**Problem details**
For the entries that follow, retype exactly the lines from the one containing "近日,由山東省醫(yī)工院" to the one containing "The 27mm rectangular", inclusive, and only those. Images stay out of the copy.

**Given data**
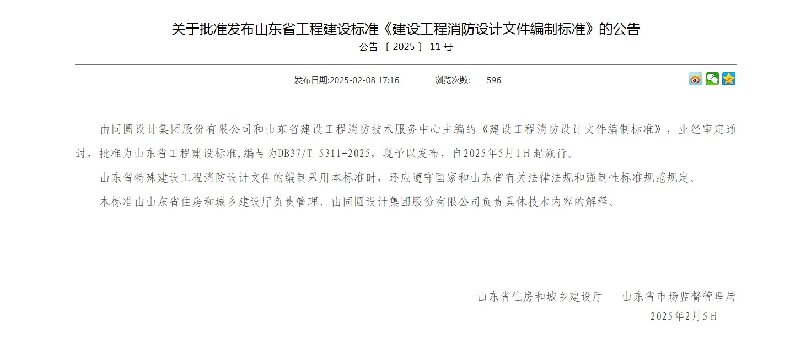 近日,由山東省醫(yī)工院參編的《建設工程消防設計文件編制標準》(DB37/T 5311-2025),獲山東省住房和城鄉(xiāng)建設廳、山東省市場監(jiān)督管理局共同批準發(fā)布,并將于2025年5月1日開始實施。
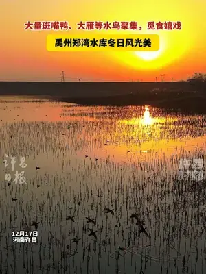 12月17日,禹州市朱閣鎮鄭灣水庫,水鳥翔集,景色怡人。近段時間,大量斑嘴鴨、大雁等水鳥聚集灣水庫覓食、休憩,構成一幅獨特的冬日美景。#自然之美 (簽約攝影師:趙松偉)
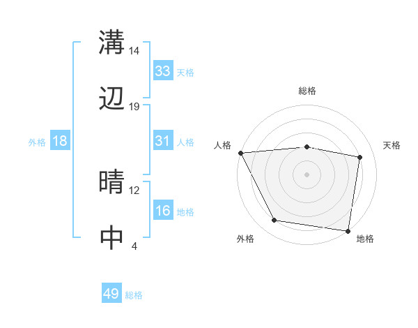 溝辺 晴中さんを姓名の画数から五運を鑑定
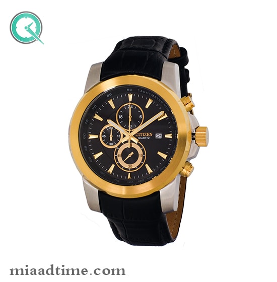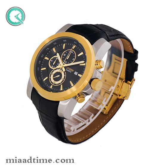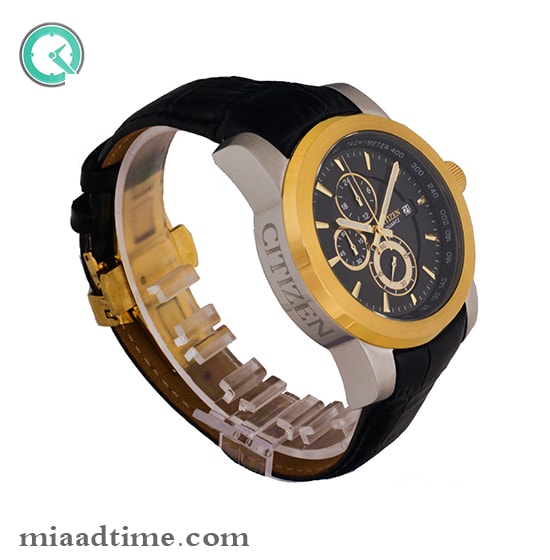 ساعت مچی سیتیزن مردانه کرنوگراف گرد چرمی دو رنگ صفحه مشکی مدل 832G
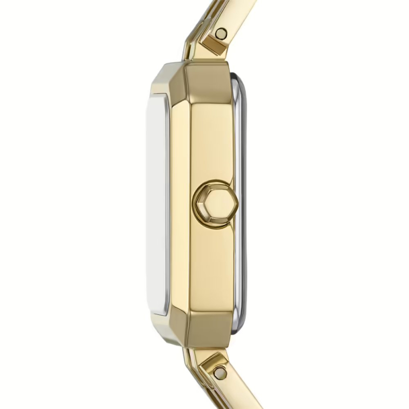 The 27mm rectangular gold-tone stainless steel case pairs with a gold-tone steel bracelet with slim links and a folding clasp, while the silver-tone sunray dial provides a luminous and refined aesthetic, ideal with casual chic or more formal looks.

...

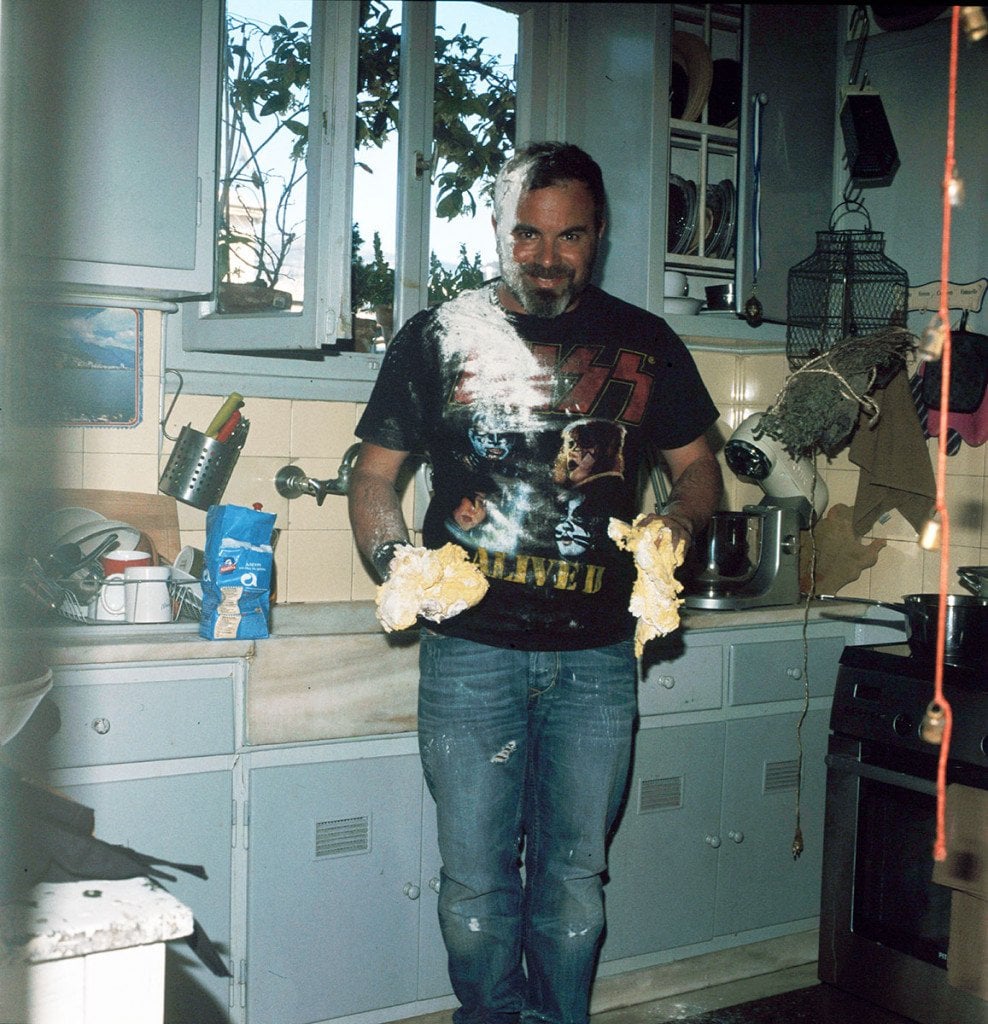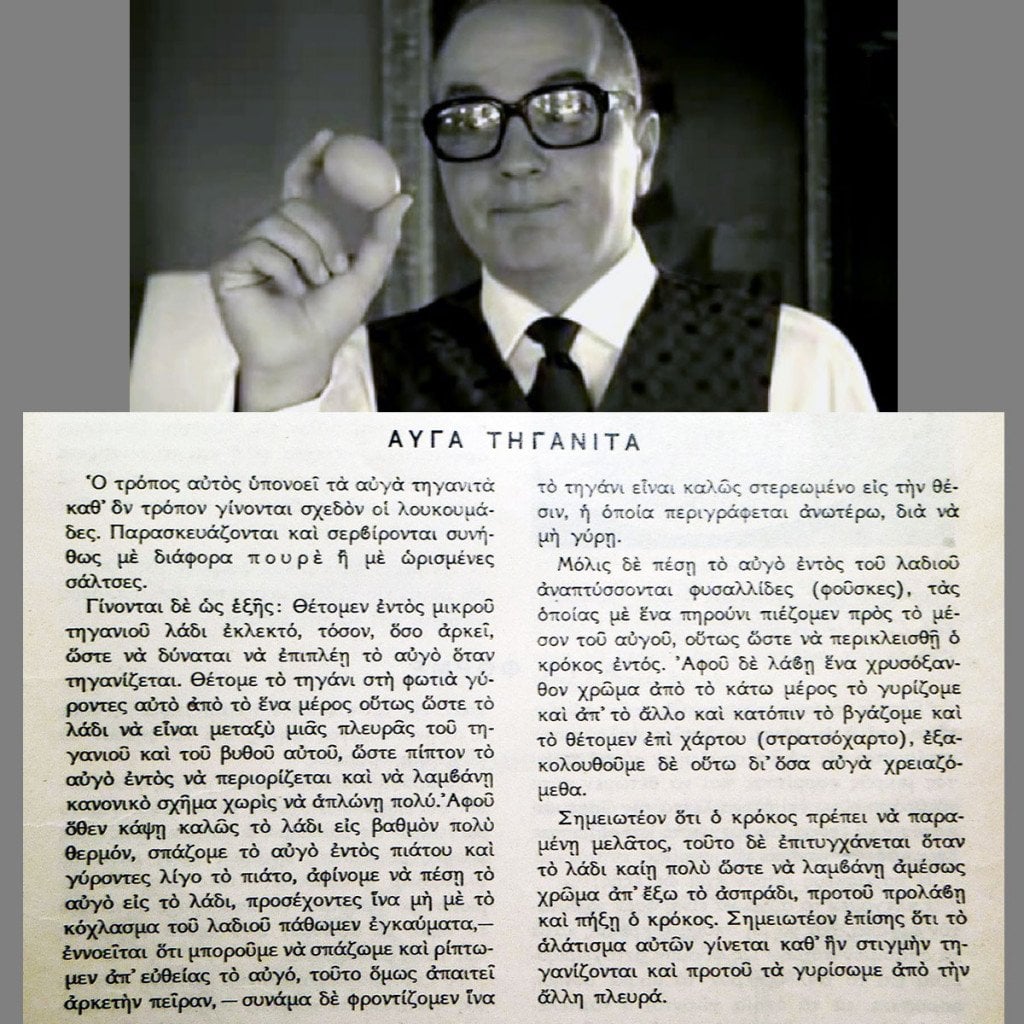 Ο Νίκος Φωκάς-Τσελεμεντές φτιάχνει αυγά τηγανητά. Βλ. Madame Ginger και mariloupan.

---

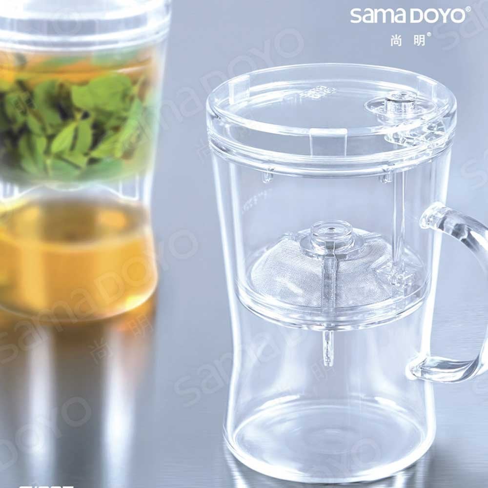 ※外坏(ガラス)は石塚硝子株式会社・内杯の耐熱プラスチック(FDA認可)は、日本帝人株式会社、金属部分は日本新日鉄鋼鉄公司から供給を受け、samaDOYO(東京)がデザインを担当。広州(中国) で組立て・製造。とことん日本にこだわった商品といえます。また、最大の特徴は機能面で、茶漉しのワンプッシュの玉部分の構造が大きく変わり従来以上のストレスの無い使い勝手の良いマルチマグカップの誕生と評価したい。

**Output of the task**
 近日,由山東省醫(yī)工院參編的《建設工程消防設計文件編制標準》(DB37/T 5311-2025),獲山東省住房和城鄉(xiāng)建設廳、山東省市場監(jiān)督管理局共同批準發(fā)布,并將于2025年5月1日開始實施。
 12月17日,禹州市朱閣鎮鄭灣水庫,水鳥翔集,景色怡人。近段時間,大量斑嘴鴨、大雁等水鳥聚集灣水庫覓食、休憩,構成一幅獨特的冬日美景。#自然之美 (簽約攝影師:趙松偉)
 溝辺 晴中さんを姓名の画数から五運を鑑定
 ساعت مچی سیتیزن مردانه کرنوگراف گرد چرمی دو رنگ صفحه مشکی مدل 832G
 The 27mm rectangular gold-tone stainless steel case pairs with a gold-tone steel bracelet with slim links and a folding clasp, while the silver-tone sunray dial provides a luminous and refined aesthetic, ideal with casual chic or more formal looks.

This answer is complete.